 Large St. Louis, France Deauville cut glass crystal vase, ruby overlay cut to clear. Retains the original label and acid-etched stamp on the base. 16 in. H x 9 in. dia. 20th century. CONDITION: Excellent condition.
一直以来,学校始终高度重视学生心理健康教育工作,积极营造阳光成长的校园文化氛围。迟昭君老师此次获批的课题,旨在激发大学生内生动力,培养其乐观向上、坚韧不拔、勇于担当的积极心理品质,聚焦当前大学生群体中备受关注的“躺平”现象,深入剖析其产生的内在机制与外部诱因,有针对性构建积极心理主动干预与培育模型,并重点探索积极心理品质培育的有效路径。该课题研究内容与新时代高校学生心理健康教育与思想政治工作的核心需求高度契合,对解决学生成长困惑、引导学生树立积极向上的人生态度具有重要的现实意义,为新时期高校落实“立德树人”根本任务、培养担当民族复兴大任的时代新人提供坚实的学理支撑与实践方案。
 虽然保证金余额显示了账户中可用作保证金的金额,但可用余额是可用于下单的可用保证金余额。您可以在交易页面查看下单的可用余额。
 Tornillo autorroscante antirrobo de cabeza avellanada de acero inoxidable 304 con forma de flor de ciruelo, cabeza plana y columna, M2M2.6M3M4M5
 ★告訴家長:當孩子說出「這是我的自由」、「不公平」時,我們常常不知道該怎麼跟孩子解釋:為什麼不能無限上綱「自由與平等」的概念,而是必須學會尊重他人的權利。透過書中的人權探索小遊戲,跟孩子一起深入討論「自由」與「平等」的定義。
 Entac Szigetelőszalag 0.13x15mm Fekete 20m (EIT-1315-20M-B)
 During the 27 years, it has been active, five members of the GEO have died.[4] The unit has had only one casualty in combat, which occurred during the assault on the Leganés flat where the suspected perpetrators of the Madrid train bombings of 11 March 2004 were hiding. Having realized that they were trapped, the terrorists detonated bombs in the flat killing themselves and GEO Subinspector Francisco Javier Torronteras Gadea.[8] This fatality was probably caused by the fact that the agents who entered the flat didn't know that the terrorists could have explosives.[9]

---

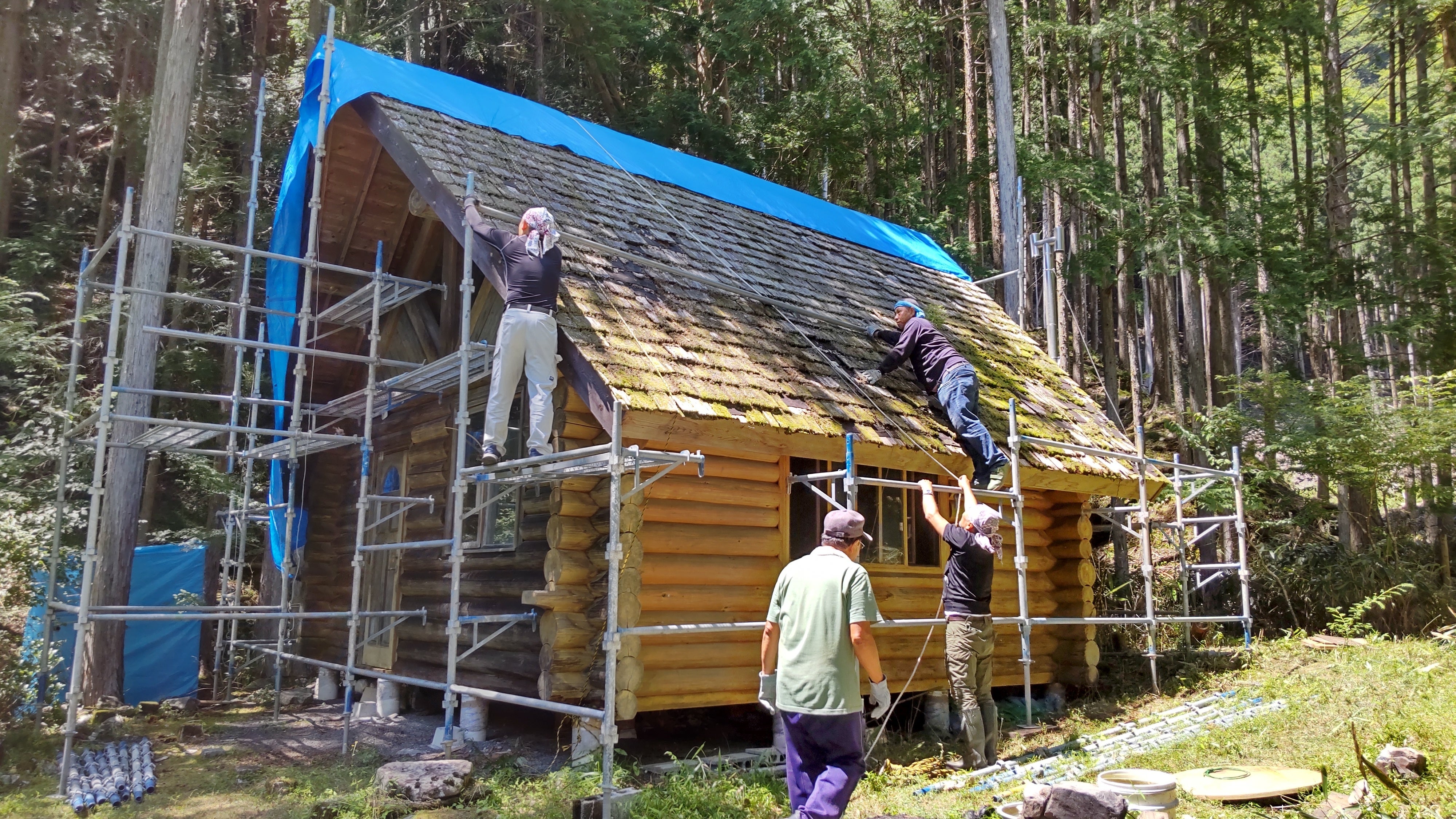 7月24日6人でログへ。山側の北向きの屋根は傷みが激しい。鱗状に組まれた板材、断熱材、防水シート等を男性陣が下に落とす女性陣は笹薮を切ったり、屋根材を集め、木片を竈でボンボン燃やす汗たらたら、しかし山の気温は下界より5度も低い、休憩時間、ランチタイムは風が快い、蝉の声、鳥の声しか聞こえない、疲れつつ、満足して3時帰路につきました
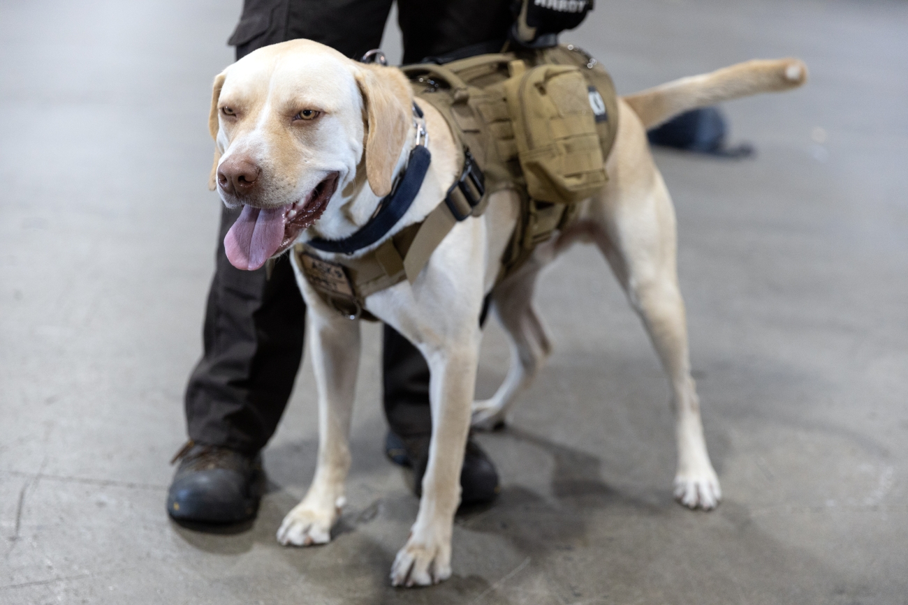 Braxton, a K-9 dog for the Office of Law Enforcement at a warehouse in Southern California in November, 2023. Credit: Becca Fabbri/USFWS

...

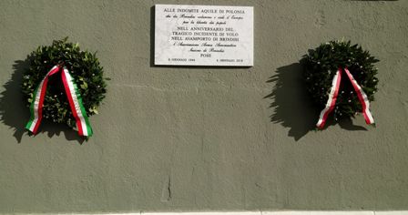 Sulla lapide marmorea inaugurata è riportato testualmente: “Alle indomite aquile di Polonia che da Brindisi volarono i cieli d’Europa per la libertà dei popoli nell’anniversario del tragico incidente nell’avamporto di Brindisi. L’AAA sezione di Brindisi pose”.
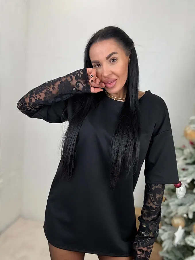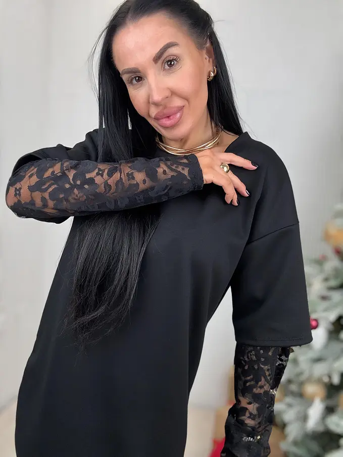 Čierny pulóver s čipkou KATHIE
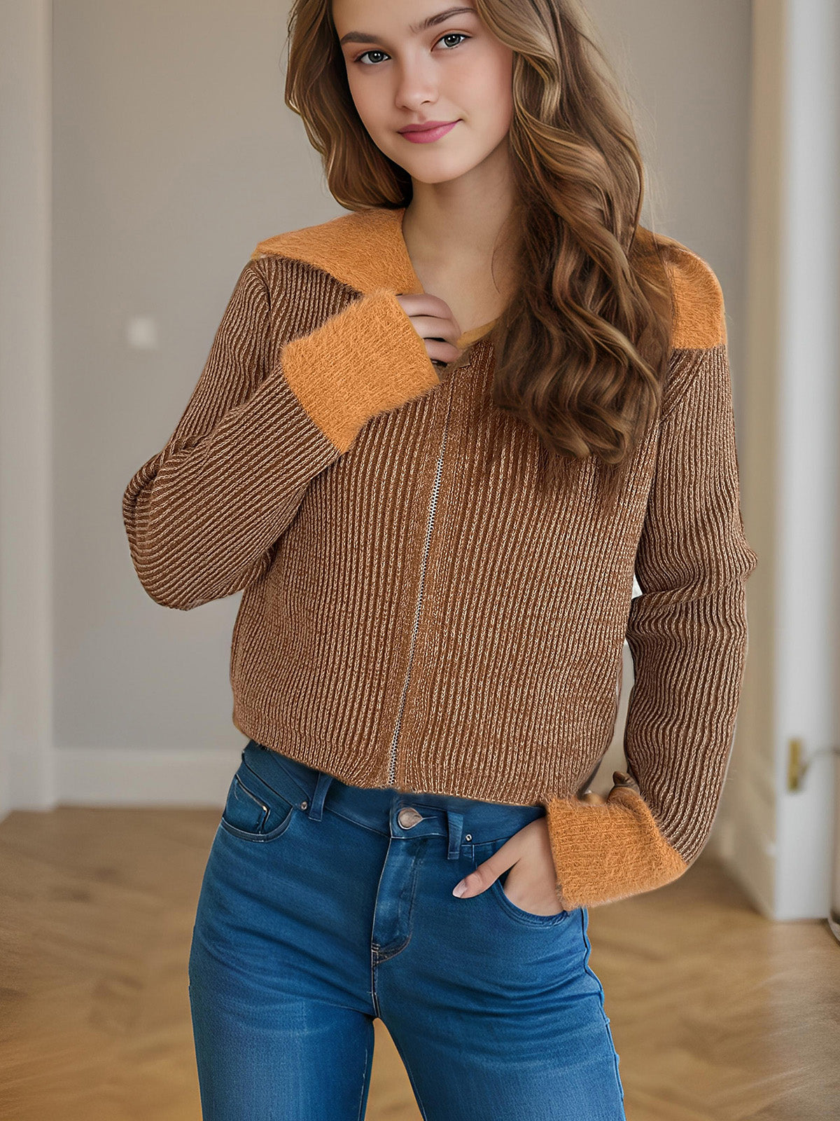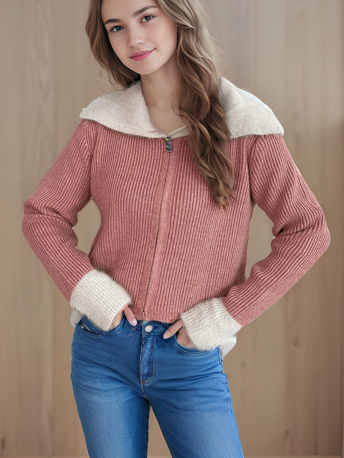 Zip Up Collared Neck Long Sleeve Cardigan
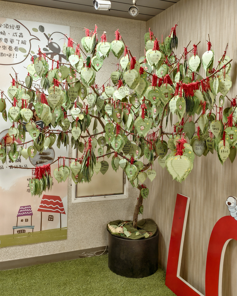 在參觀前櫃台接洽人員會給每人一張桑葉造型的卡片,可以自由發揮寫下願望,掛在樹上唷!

Exercise goal. Copy, exactly and only, the lines above that begin with the one containing "Large St. Louis, France" and finish with the one containing "Entac Szigetelőszalag 0.13x15mm".

Result of this exercise.
 Large St. Louis, France Deauville cut glass crystal vase, ruby overlay cut to clear. Retains the original label and acid-etched stamp on the base. 16 in. H x 9 in. dia. 20th century. CONDITION: Excellent condition.
一直以来,学校始终高度重视学生心理健康教育工作,积极营造阳光成长的校园文化氛围。迟昭君老师此次获批的课题,旨在激发大学生内生动力,培养其乐观向上、坚韧不拔、勇于担当的积极心理品质,聚焦当前大学生群体中备受关注的“躺平”现象,深入剖析其产生的内在机制与外部诱因,有针对性构建积极心理主动干预与培育模型,并重点探索积极心理品质培育的有效路径。该课题研究内容与新时代高校学生心理健康教育与思想政治工作的核心需求高度契合,对解决学生成长困惑、引导学生树立积极向上的人生态度具有重要的现实意义,为新时期高校落实“立德树人”根本任务、培养担当民族复兴大任的时代新人提供坚实的学理支撑与实践方案。
 虽然保证金余额显示了账户中可用作保证金的金额,但可用余额是可用于下单的可用保证金余额。您可以在交易页面查看下单的可用余额。
 Tornillo autorroscante antirrobo de cabeza avellanada de acero inoxidable 304 con forma de flor de ciruelo, cabeza plana y columna, M2M2.6M3M4M5
 ★告訴家長:當孩子說出「這是我的自由」、「不公平」時,我們常常不知道該怎麼跟孩子解釋:為什麼不能無限上綱「自由與平等」的概念,而是必須學會尊重他人的權利。透過書中的人權探索小遊戲,跟孩子一起深入討論「自由」與「平等」的定義。
 Entac Szigetelőszalag 0.13x15mm Fekete 20m (EIT-1315-20M-B)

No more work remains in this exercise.